INFORMATION GIVEN -
....

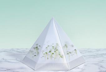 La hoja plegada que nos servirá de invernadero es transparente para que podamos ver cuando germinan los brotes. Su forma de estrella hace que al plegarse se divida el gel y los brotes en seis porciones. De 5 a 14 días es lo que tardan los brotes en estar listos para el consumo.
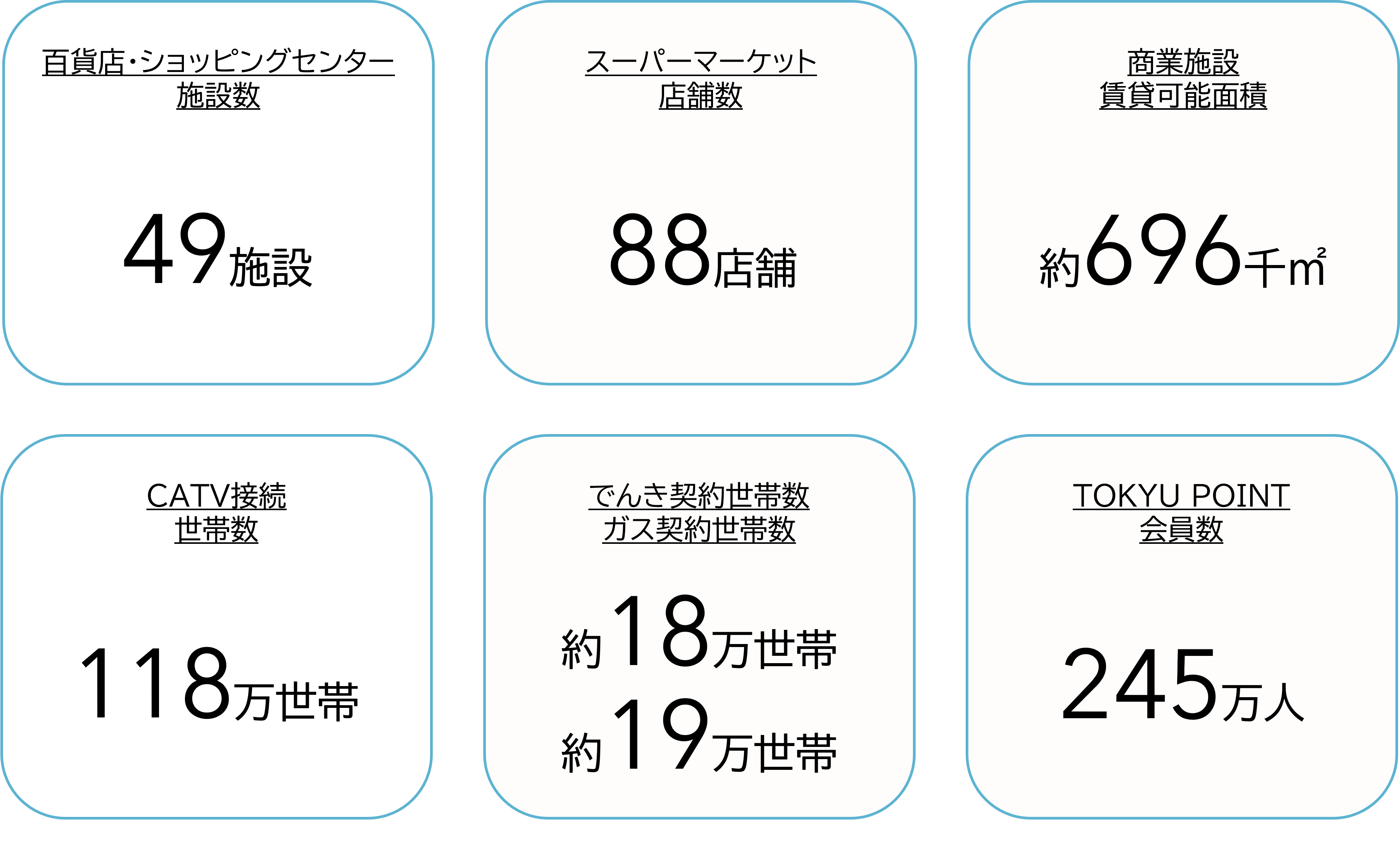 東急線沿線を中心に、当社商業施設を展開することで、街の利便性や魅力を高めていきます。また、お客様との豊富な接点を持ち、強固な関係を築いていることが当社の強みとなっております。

....

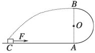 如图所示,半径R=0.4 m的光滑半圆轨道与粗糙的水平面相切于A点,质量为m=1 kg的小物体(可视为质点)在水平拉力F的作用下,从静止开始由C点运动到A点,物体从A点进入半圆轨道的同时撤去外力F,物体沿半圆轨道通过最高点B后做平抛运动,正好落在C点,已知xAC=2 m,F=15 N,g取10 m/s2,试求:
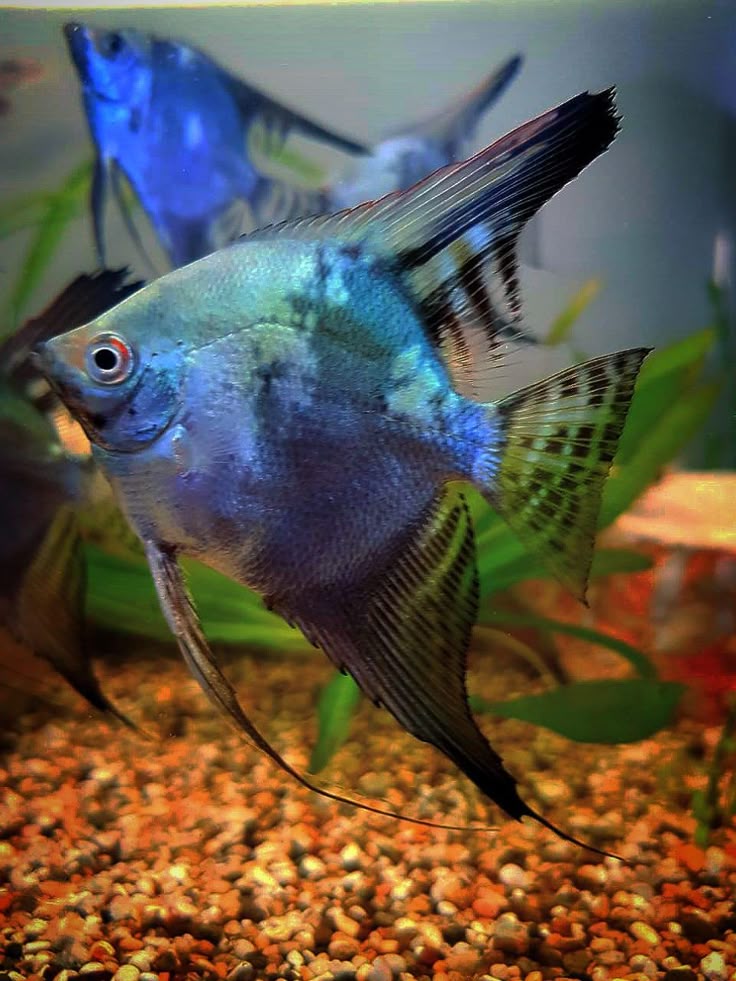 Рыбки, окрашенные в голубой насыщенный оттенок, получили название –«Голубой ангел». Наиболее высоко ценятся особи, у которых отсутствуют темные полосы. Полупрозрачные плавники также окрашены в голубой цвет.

....

EXERCISE REQUIREMENTS - Starting at the line above that has "La hoja plegada" and ending at the line that has "東急線沿線を中心に、当社商業", copy each line exactly, leaving the pictures out and adding nothing.

EXPECTED ANSWER -
 La hoja plegada que nos servirá de invernadero es transparente para que podamos ver cuando germinan los brotes. Su forma de estrella hace que al plegarse se divida el gel y los brotes en seis porciones. De 5 a 14 días es lo que tardan los brotes en estar listos para el consumo.
 東急線沿線を中心に、当社商業施設を展開することで、街の利便性や魅力を高めていきます。また、お客様との豊富な接点を持ち、強固な関係を築いていることが当社の強みとなっております。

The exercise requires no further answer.